I am a proud foster; I save lives, and I am a failed foster more than once, too, but I still foster, because I can and because I know it makes a difference.

Yes, it might only have been for a couple of weeks…to start with, but 4, 5, 6, 7 or more months later, you still have the foster.

The big dogs are tougher. If the rescue doesn’t have a large social media reach or a dedicated following, then the cute puppy stage will be over, and a big dog becomes more difficult to find a perfect home for.

Puppies are a whole ‘nother challenge… cute, but messy, and so much floor mopping – best only to foster puppies if you have tiled floors and no carpets and access to endless supplies of black bags, puppy pads and bleach…

BUT…

If you take in a foster, you take in a life, and create a space for another life to be saved.

Even if it takes some time, if you trust the rescue you are working with, you know they will find that happy forever after for your foster. And sometimes, there are failed fosters, who realise that the bundle they took in, scared, dirty, full of fleas and worms, but safely off the streets is the bundle they want in their lives forever… watching them grow in confidence, be happy and eager to learn, and fitting right in with their lifestyle and hopefully, they have just one more space in their home for another foster that they don’t keep, but has its own happy forever after elsewhere.

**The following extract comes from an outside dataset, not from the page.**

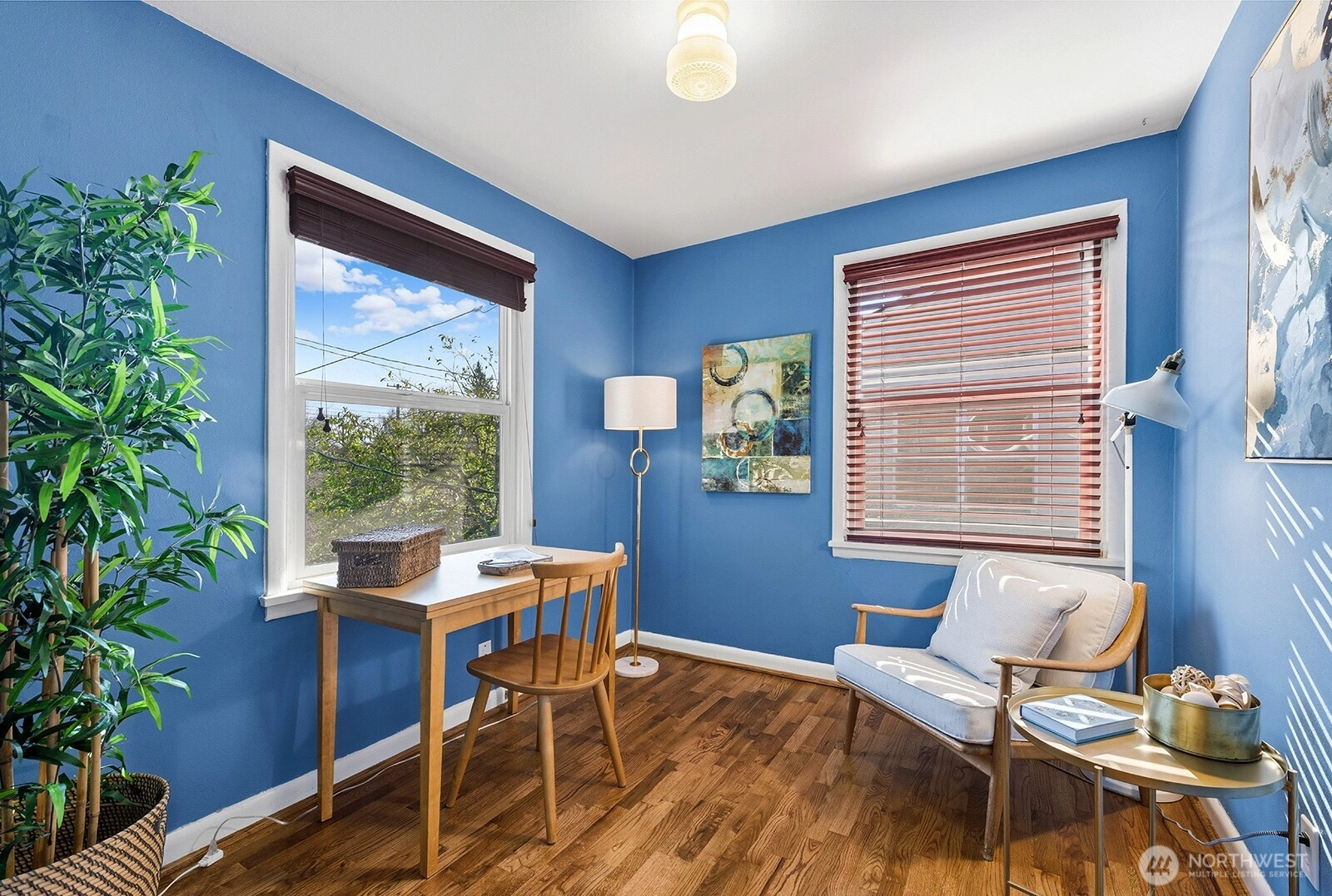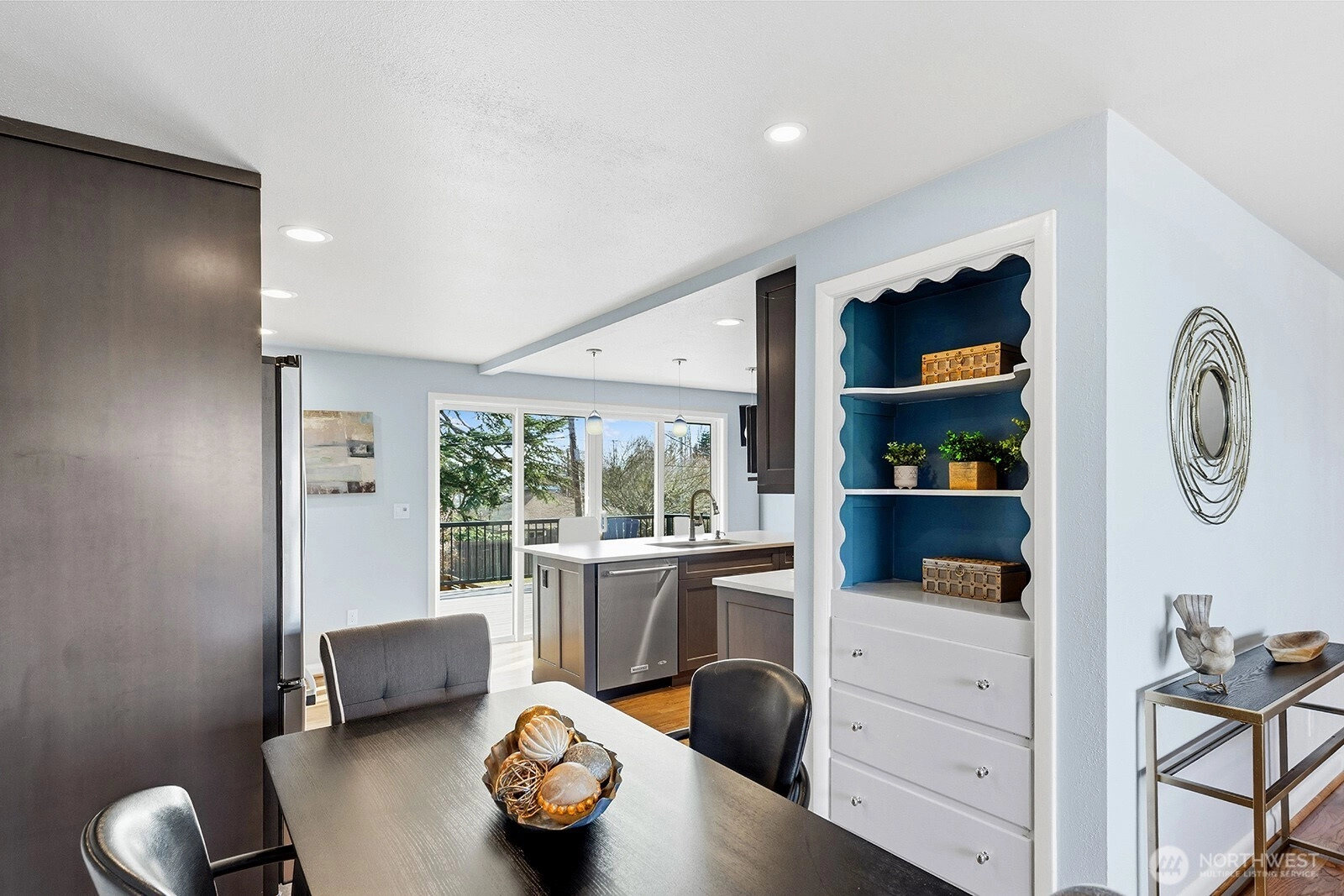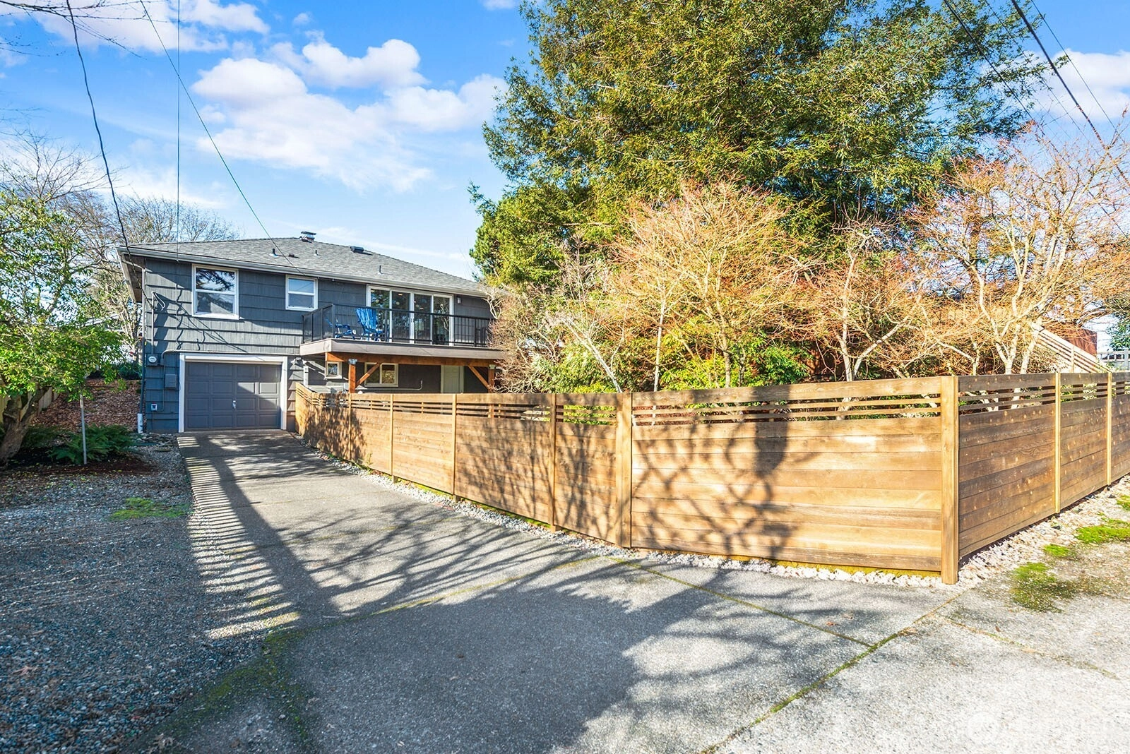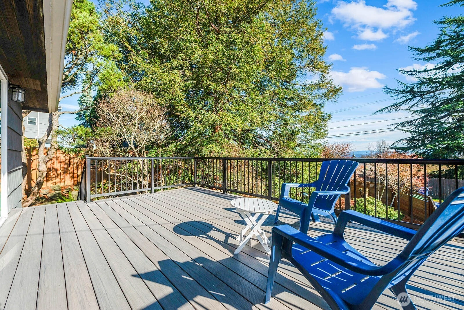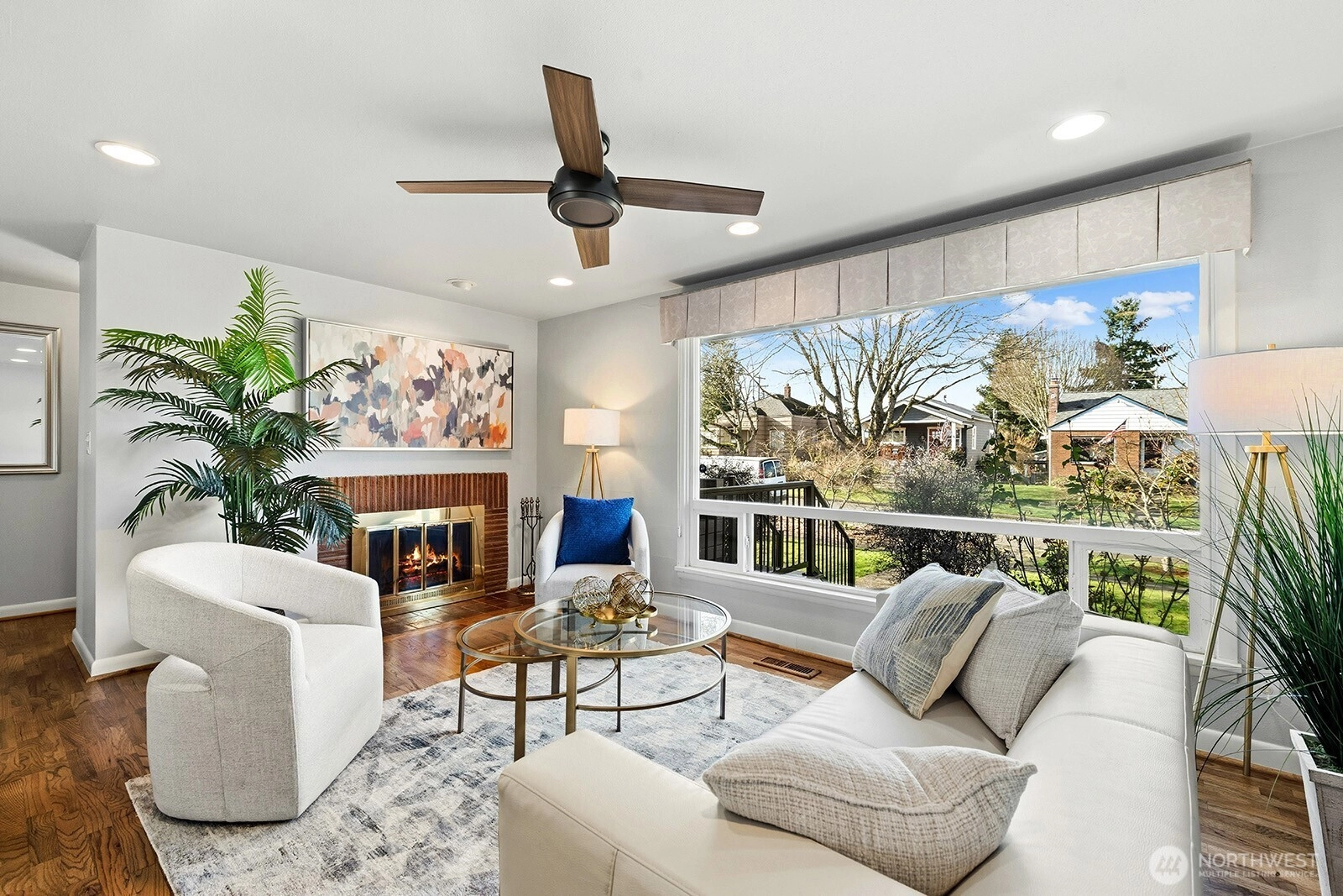 Beautifully Maintained Mid-Century Home on Gatewood Hill combines timeless character with thoughtful updates throughout. A welcoming front porch ushers you into the living room with wide picture window and brick fireplace. Adjacent dining area can accommodate 8 easily. The kitchen, completely remodeled in 2021 offers center island with seating, beautiful tile, quartz countertops and abundant cabinets and even a bar area. Pristine refinished hardwood floors flow through this level which also includes a tastefully updated full bath and 3 bedrooms. Enjoy morning sunrises and mountain views from the spacious east-facing deck added in 2022, also from the kitchen and back bedroom. The comfortable lower level includes a family room with second brick fireplace, a dedicated laundry room, a small den or work room, an updated 3/4 bath and storage. New roof installed in 2018, heating and A/C with heat pump in 2023, new hot water tank in 2025 and fencing in 2020. The large lot provides plenty of space for gardening, play, and outdoor entertaining. Parking is easy with a tandem 2-car garage plus room for 4 additional cars in the driveway, accessible from the paved alley. Located in the sought-after Gatewood Hill neighborhood, just half a block to Myrtle Reservoir Park and conveniently close to bus routes offering easy access to downtown Seattle. This home has been beautifully maintained and updated throughout—a true gem offering comfort, style, and exceptional livability.

Nothing, or pretty much nothing, prepares you to pick up a rescue dog, whether it is a puppy (or two), a young rescue or an adult and bring it home, or, for a really tough challenge, an older rescue with all its fear built in, or a rescue in palliative care, so you know how that one ends…

Watch these fosters try to process what is happening to them, hearing kind words, gentle actions (and sometimes, it takes weeks before soft words or considered actions are even understood), watching this bundle of fear turn from being scared of everything, to greeting you with a waggy tail one morning.. then you know… You understand… a corner has been turned, and there is hope and progress and time to think about that happy forever after.

Fosters don’t do it for money; most only get food and cleaning materials supplied and basic vet bills if the rescue is a decent one, but once you foster your first dog, and watch it change, you will foster again, and again, and again…

If you understand dogs, you have a built-in advantage. If you have ever thought of offering a foster space to a rescue, I can only say, don’t think about it, just do it… Take that first step, make some space and save a life… Rescue can’t do it without you….

Oh, and make sure you don’t have any valuable or antique furniture around the foster… charity shops sell loads of second-hand furniture, and fosters fill their houses with it for a reason… Save a life and support a charity with second-hand furniture. What’s not to like?